# My go to rig



## salmangeri (Sep 13, 2008)

For those of you who use the combo Wooster bucket and 18" roller here
is something you might like.

We rolled out a room on Friday snapped the lid on and started in on Monday.
The key is to keep the grid portion refreshed with paint during the rolling
process. When a break is taken snap the lid on and the paint will stay wet on the roller and grid portion.

We are using Ben Moore Ben brand eggshell here. The little plastic clip that
holds suspends the roller over the paint inside the bucket is called a vip clip.
It's designed so the lid snaps over it without air gaps.


----------



## Pete Martin the Painter (Nov 8, 2012)

I wish they had a lid for the 14" bucket.

Sent from my VS987 using Tapatalk


----------



## mattpaints82 (Mar 7, 2013)

:thumbup1: Im going to have to get some of those clips..


----------



## LimitlessPainting (May 17, 2017)

Pete Martin the Painter said:


> I wish they had a lid for the 14" bucket.
> 
> Sent from my VS987 using Tapatalk


They do make lids for the 14" bucket.
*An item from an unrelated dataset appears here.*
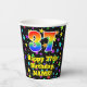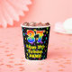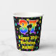 This fun and colorful birthday paper cup design features a large number “37” with a rainbow spectrum gradient inspired pattern, along with the message “Happy 37th Birthday,”, and a personalized name. The background features an exciting and colorful pattern featuring many star shapes with different colors and sizes. Colorful, vibrant paper cups like this might be fun to use at a birthday celebration/party being held in celebration of somebody’s thirty seventh birthday. [~Z0000540]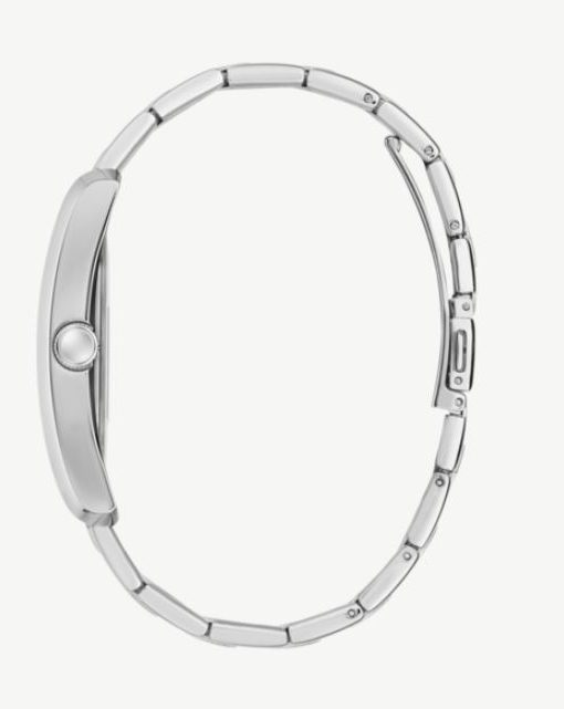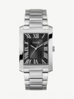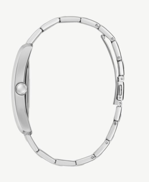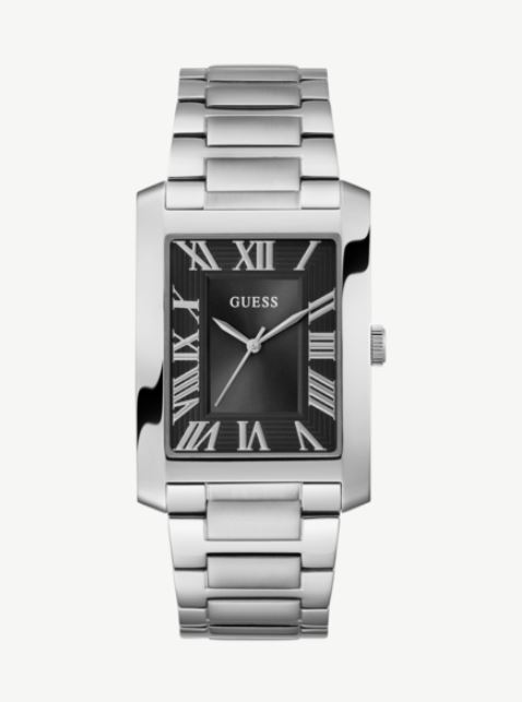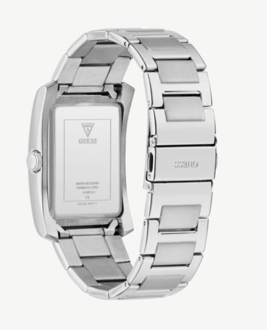 Reloj de hombre Guess con caja de acero reciclado brillante 34mm plateado, esfera de rayos de sol negra con textura exterior, brazalete de acero mate/brillante plateado. Una combinación perfecta de estilo lujoso y sofisticación. El reloj CLYDE presenta un diseño único con una caja rectangular. Con su estética refinada, este reloj emana un estilo elegante que se adapta a quienes buscan distinción en cada detalle.

I just don't know how to attatch the photo haha.


----------



## Pete Martin the Painter (Nov 8, 2012)

LimitlessPainting said:


> They do make lids for the 14" bucket. I just don't know how to attatch the photo haha.


Ok, I am going to have to find some.

Sent from my VS987 using Tapatalk


----------



## ThreeSistersPainting (Jan 7, 2017)

Very cool. I currently have two 18" Purdy buckets and one 18" Wooster that I use film to store them. But my roller/frame has to sit in the paint.


----------



## beatjunkie (May 30, 2013)

Never seen those vip clips before, Thanks.


----------